══ Dataset extract

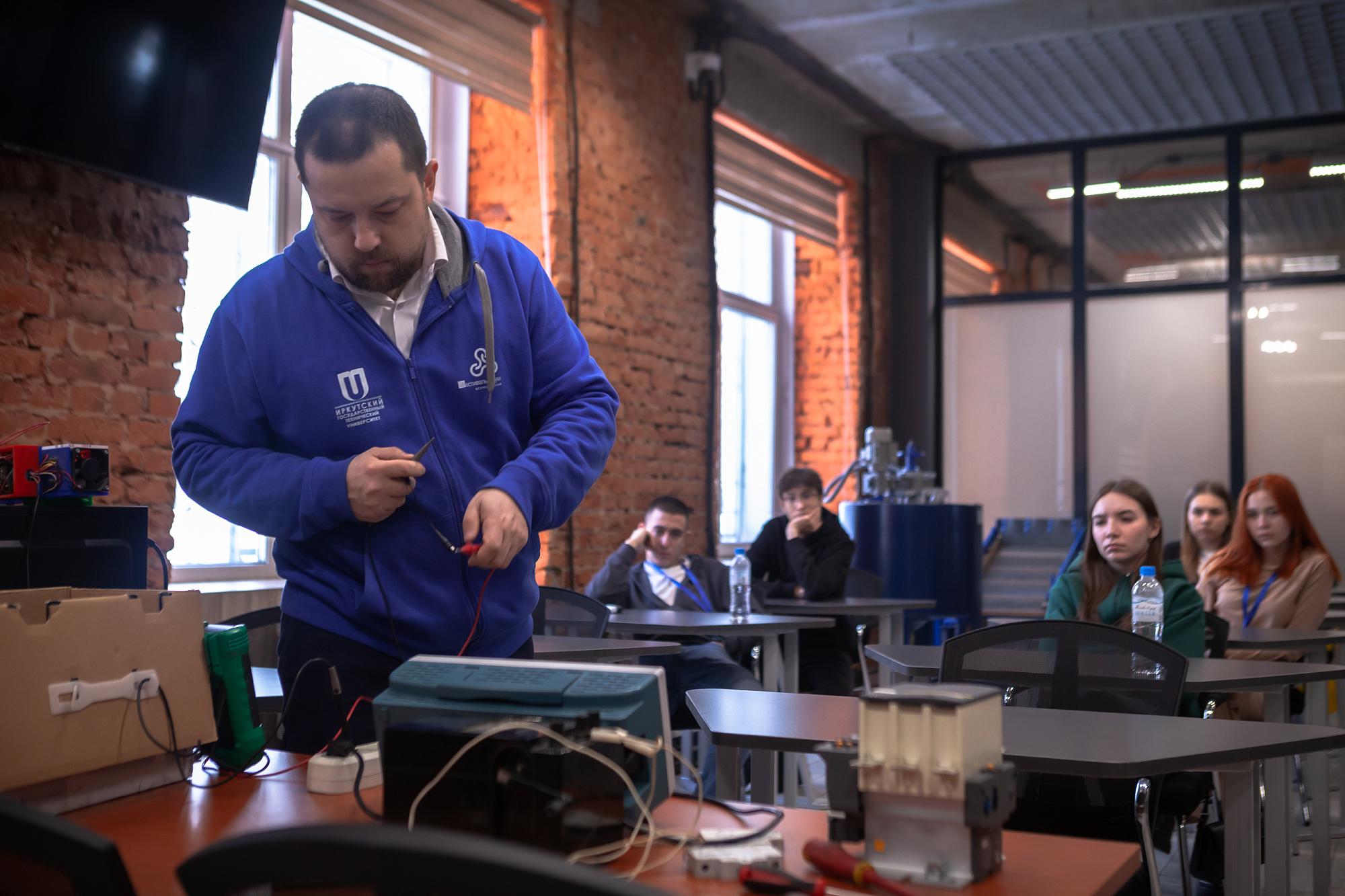 Школьников также заинтересовало знакомство с экспертом компании Николаем Линевым, который более 10 лет назад окончил кафедру строительных, дорожных машин и гидравлических систем ИРНИТУ, а сейчас руководит созданием технологий механизации. Он рассказал о своем опыте работы в «Полюсе», ориентируя ребят на работу в сфере автоматизации горного производства.
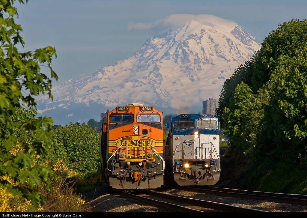 Finally! I caught a second train in good light at this location. And this was the second chance, the first spoiled by the open door of a very late Cascades 516, featuring another P32, AMTK 509. Now Cascades 509 featuring AMTK 505 (how do they keep this stuff straight?) passes the DPU of a grain train waiting to put it's train at TEMCO, just around the corner, but still under the watchful gaze of Mt. Rainier.
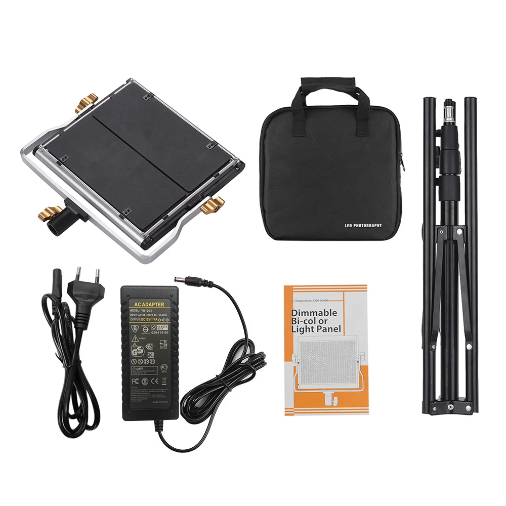 【Двухцветная световая панель с регулируемой яркостью 】:С 330 белыми и 330 желтыми светодиодными лампами длительного действия, с 2 контрольными ручками для регулировки яркости (0%-100%), 3200-5600K Цветовая температура, световая панель может удовлетворить ваши различные потребности световых эффектов, более реалистично, чтобы показать цвет съемки объектов.
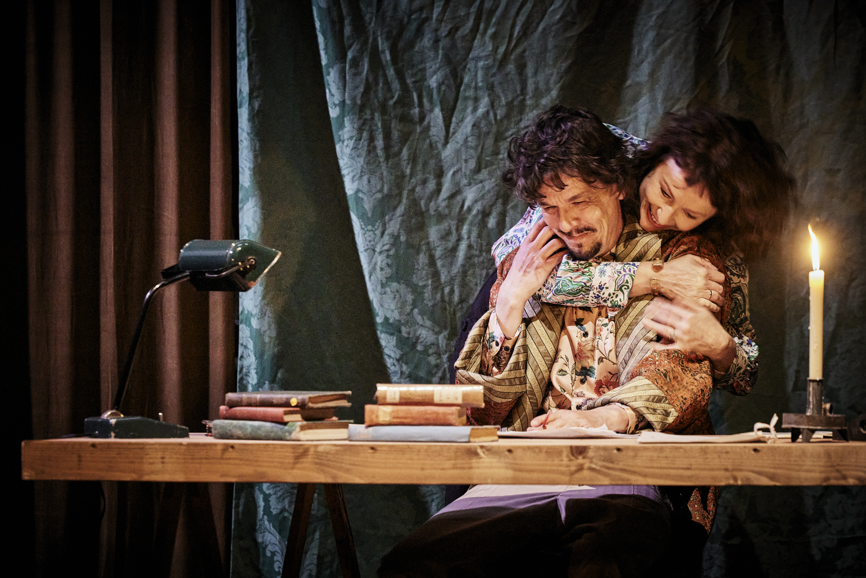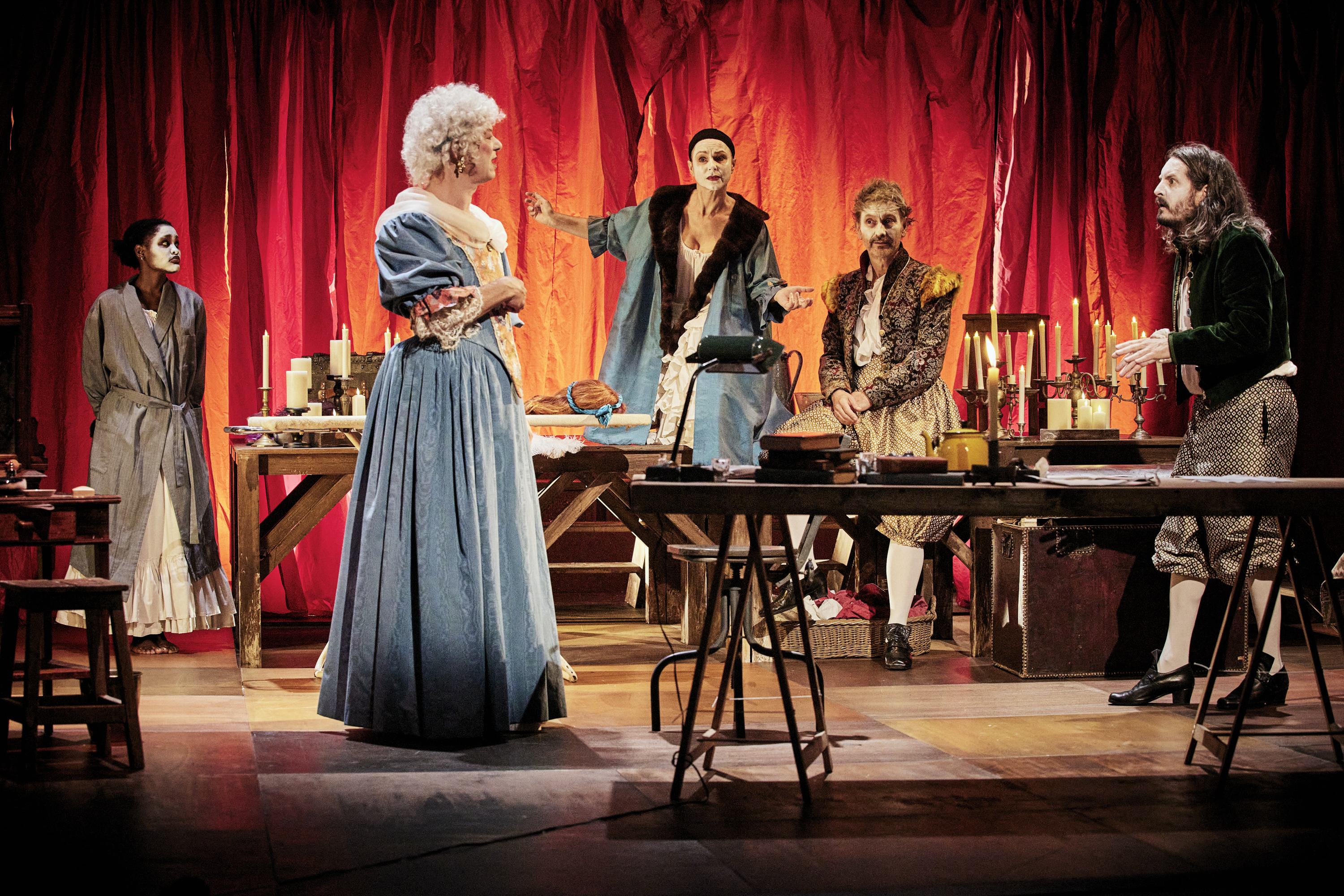 Boulgakov, Molière, le destin de deux écrivains, protégés par le pouvoir et soumis paradoxalement à la censure par ce même pouvoir. Deux vies, deux œuvres mises en regard, destin parallèle ou le second éclairerait de ses feux le premier, témoignage aussi de la résistance de la littérature, de l’imaginaire, à toute tentative d’oppression et de mise à mort. Louise Vignaud et Alice Cosson interrogent dans cette création, qui est un bel hommage au théâtre, les rapports ambigus entre le politique et l’artiste. Boulgakov admirait Molière, La cabale des dévots (1929), pièce sur Le Tartuffe et son interdiction et surtout son remarquable Roman de monsieur de Molière (1933), refusé à la publication, en témoigne. Alors pourquoi ne pas faire se rencontrer ces deux hommes ? Un soir, qu’après avoir reçu notification que toutes ses pièces seront retirées de l’affiche, ses romans retirés des bibliothèques, et malgré l’admiration que lui porte Staline, Boulgakov désespéré reçoit la visite des poètes Boileau, Chapelle et La Fontaine. Nous sommes au théâtre, tout est possible. Et ces trois-là, l’emmènent illico rencontrer Molière − il suffit d’ouvrir comme au théâtre un rideau pour qu’opère la magie − au sortir Des Précieuses ridicules. Pièce soumise à la vindicte des précieuses, représentée par Madame de Rambouillet, exigeant dans une scène cocasse − Thierry Hancisse est hilarant dans ce personnage plus dragonne que précieuse − de retirer la pièce ou de lui apporter de sévères modifications. Et c’est ainsi que l’on pendule de la loge de Molière au bureau de Boulgakov, d’un siècle à l’autre, le plus naturellement du monde, avec une belle fluidité. Rien qui n’étonne donc, en cela nous retrouvons l’esprit de Boulgakov, celui injecté dans le roman Le maître et Marguerite. De tableaux en tableaux, où l’imaginaire s’émancipe de la réalité, où le théâtre balaye pour un temps toutes inquiétudes, où les coulisses sont l’enjeu d’une bataille pour la survie d’une œuvre et de sa propre vie, Louise Vignaud et Alice Cosson établissent un étrange jeu de correspondance, réelle ou fictive, certaines figures semblant se superposer comme un seul et même visage, d’une époque à l’autre, soulignant une communauté de destin. L’histoire, même réinventée, est un éternel recommencement. Et s’il est une belle réussite ici, elle est sans nul doute dans les scènes de théâtre, celui de Molière, où la troupe de L’Illustre Théâtre, entre masques et visages fardés, impose au roi son talent. Théâtre de tréteaux flamboyant qui se délite au fil de la représentation, il n’y aura bientôt plus que cendres dans les coulisses du Théâtre d’Art de Moscou hantés par les purges staliniennes. Et si étrangement Boulgakov et Elena Sergueïevna Boulgakova évitent le destin de Meyerhold, exécuté, et Elena Sergueïevna Zinaïda Reich, assassinée, – car il est aussi ici question de l’importance des femmes – la mort néanmoins est en filigrane de cette création. Où la résistance d’une œuvre est la survie de l’artiste condamné par le pouvoir et ses enjeux. Une scène fort drôle résume parfaitement cette ambiguïté, où louis XIV, jouée avec finesse par Géraldine Martineau, reçoit successivement l’archevêque menant cabale contre Le Tartuffe et Molière pour sa défense. L’ensemble de la distribution fait montre encore une fois de l’excellence actuelle de la troupe du Français (ajoutons, délicieuse ironie, Éric Ruf prêtant sa voix pour le rôle de Staline…), auquel il faut ajouter désormais Nicolas Chupin dans le rôle de Molière et dont ce sont les premiers pas dans la Maison, donnant à cette création ne manquant pas de qualité mais un peu trop sage et qui aurait mérité sans doute plus d’âpreté, une dynamique qui lui manque parfois.

════

■ Exercise
In your answer, repeat the material above in full, exactly, and without its pictures.

■ Your response
 Школьников также заинтересовало знакомство с экспертом компании Николаем Линевым, который более 10 лет назад окончил кафедру строительных, дорожных машин и гидравлических систем ИРНИТУ, а сейчас руководит созданием технологий механизации. Он рассказал о своем опыте работы в «Полюсе», ориентируя ребят на работу в сфере автоматизации горного производства.
 Finally! I caught a second train in good light at this location. And this was the second chance, the first spoiled by the open door of a very late Cascades 516, featuring another P32, AMTK 509. Now Cascades 509 featuring AMTK 505 (how do they keep this stuff straight?) passes the DPU of a grain train waiting to put it's train at TEMCO, just around the corner, but still under the watchful gaze of Mt. Rainier.
 【Двухцветная световая панель с регулируемой яркостью 】:С 330 белыми и 330 желтыми светодиодными лампами длительного действия, с 2 контрольными ручками для регулировки яркости (0%-100%), 3200-5600K Цветовая температура, световая панель может удовлетворить ваши различные потребности световых эффектов, более реалистично, чтобы показать цвет съемки объектов.
 Boulgakov, Molière, le destin de deux écrivains, protégés par le pouvoir et soumis paradoxalement à la censure par ce même pouvoir. Deux vies, deux œuvres mises en regard, destin parallèle ou le second éclairerait de ses feux le premier, témoignage aussi de la résistance de la littérature, de l’imaginaire, à toute tentative d’oppression et de mise à mort. Louise Vignaud et Alice Cosson interrogent dans cette création, qui est un bel hommage au théâtre, les rapports ambigus entre le politique et l’artiste. Boulgakov admirait Molière, La cabale des dévots (1929), pièce sur Le Tartuffe et son interdiction et surtout son remarquable Roman de monsieur de Molière (1933), refusé à la publication, en témoigne. Alors pourquoi ne pas faire se rencontrer ces deux hommes ? Un soir, qu’après avoir reçu notification que toutes ses pièces seront retirées de l’affiche, ses romans retirés des bibliothèques, et malgré l’admiration que lui porte Staline, Boulgakov désespéré reçoit la visite des poètes Boileau, Chapelle et La Fontaine. Nous sommes au théâtre, tout est possible. Et ces trois-là, l’emmènent illico rencontrer Molière − il suffit d’ouvrir comme au théâtre un rideau pour qu’opère la magie − au sortir Des Précieuses ridicules. Pièce soumise à la vindicte des précieuses, représentée par Madame de Rambouillet, exigeant dans une scène cocasse − Thierry Hancisse est hilarant dans ce personnage plus dragonne que précieuse − de retirer la pièce ou de lui apporter de sévères modifications. Et c’est ainsi que l’on pendule de la loge de Molière au bureau de Boulgakov, d’un siècle à l’autre, le plus naturellement du monde, avec une belle fluidité. Rien qui n’étonne donc, en cela nous retrouvons l’esprit de Boulgakov, celui injecté dans le roman Le maître et Marguerite. De tableaux en tableaux, où l’imaginaire s’émancipe de la réalité, où le théâtre balaye pour un temps toutes inquiétudes, où les coulisses sont l’enjeu d’une bataille pour la survie d’une œuvre et de sa propre vie, Louise Vignaud et Alice Cosson établissent un étrange jeu de correspondance, réelle ou fictive, certaines figures semblant se superposer comme un seul et même visage, d’une époque à l’autre, soulignant une communauté de destin. L’histoire, même réinventée, est un éternel recommencement. Et s’il est une belle réussite ici, elle est sans nul doute dans les scènes de théâtre, celui de Molière, où la troupe de L’Illustre Théâtre, entre masques et visages fardés, impose au roi son talent. Théâtre de tréteaux flamboyant qui se délite au fil de la représentation, il n’y aura bientôt plus que cendres dans les coulisses du Théâtre d’Art de Moscou hantés par les purges staliniennes. Et si étrangement Boulgakov et Elena Sergueïevna Boulgakova évitent le destin de Meyerhold, exécuté, et Elena Sergueïevna Zinaïda Reich, assassinée, – car il est aussi ici question de l’importance des femmes – la mort néanmoins est en filigrane de cette création. Où la résistance d’une œuvre est la survie de l’artiste condamné par le pouvoir et ses enjeux. Une scène fort drôle résume parfaitement cette ambiguïté, où louis XIV, jouée avec finesse par Géraldine Martineau, reçoit successivement l’archevêque menant cabale contre Le Tartuffe et Molière pour sa défense. L’ensemble de la distribution fait montre encore une fois de l’excellence actuelle de la troupe du Français (ajoutons, délicieuse ironie, Éric Ruf prêtant sa voix pour le rôle de Staline…), auquel il faut ajouter désormais Nicolas Chupin dans le rôle de Molière et dont ce sont les premiers pas dans la Maison, donnant à cette création ne manquant pas de qualité mais un peu trop sage et qui aurait mérité sans doute plus d’âpreté, une dynamique qui lui manque parfois.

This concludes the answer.